From MSYEP to the mayor’s workplace
Mayor Sumbul Siddiqui visited the Data Activism studying web site on Aug. 9, accompanied by Breazeal. A graduate of MSYEP herself, Siddiqui says, “Through hands-on learning through computer programming, Cambridge high school students have the unique opportunity to see themselves as data scientists. Students were able learn ways to combat discrimination that occurs through artificial intelligence.” In an Instagram put up, Siddiqui additionally mentioned, “I had a blast visiting the scholars and studying about their tasks.”

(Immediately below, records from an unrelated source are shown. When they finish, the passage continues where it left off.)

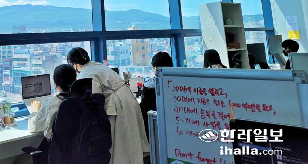 최 대표는 "제주지역 인재들과 협업하며 기업과 인재 성장을 함께 도모하는 프로그램에 취지가 좋아 탐나는기업에 지속적으로 참여하고 있다"며 "취업사이트에 공고를 내고, 직원을 선발하는 기존의 채용 방식은 기업이 원하는 인재를 뽑는데 아무래도 한계가 있을 수 밖에 없지만 탐나는인재들은 더큰내일센터에서 팀 프로젝트를 수행하며 문제 해결 능력을 갖췄고, 또 실습과 인턴십을 거치며 실무 경험을 쌓거나 실무를 맡은 적이 있는 이른바 '검증된 인재'들이기 때문에 기업 입장에선 채용하는데 있어 리스크가 덜하다"고 말했다.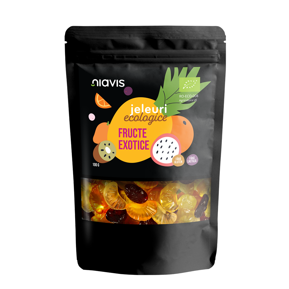 Jeleuri ecologice sub forma de fructe, cu gust de ananas, kiwi, lamaie, mango, portocala, piersica, fructul pasiunii.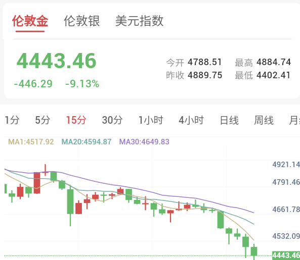 北京时间2月2日14:42,市场已进入“瀑布式”崩盘模式。金价格报4443.46美元/盎司,单日跌幅再达9.13%。

Students labored on an exercise that requested them to ascertain how information science may be used to help marginalized communities. They remodeled their solutions into block-printed T-shirt designs, carving photos of their hopes into rubber block stamps. Some college students centered on the significance of knowledge privateness, like Jacob T., who drew a birdcage to signify information saved and locked away by third occasion apps. He says, “I want to open that cage and restore my data to myself and see what can be done with it.”
Many college students needed to see extra illustration in each the media they eat and throughout varied skilled fields. Nina talked concerning the significance of illustration in media and the way that would contribute to better illustration within the tech business, whereas Kiki talked about encouraging extra ladies to pursue STEM fields. Jesmin mentioned, “I wanted to show that data science is accessible to everyone, no matter their origin or language you speak. I wrote ‘hello’ in Bangla, Arabic, and English, because I speak all three languages and they all resonate with me.”
“Overall, I hope the students continue to use their data activism skills to re-envision a society that supports marginalized groups,” says Walker. “Moreover, I hope they are empowered to become data scientists and understand how their race can be a positive part of their identity.”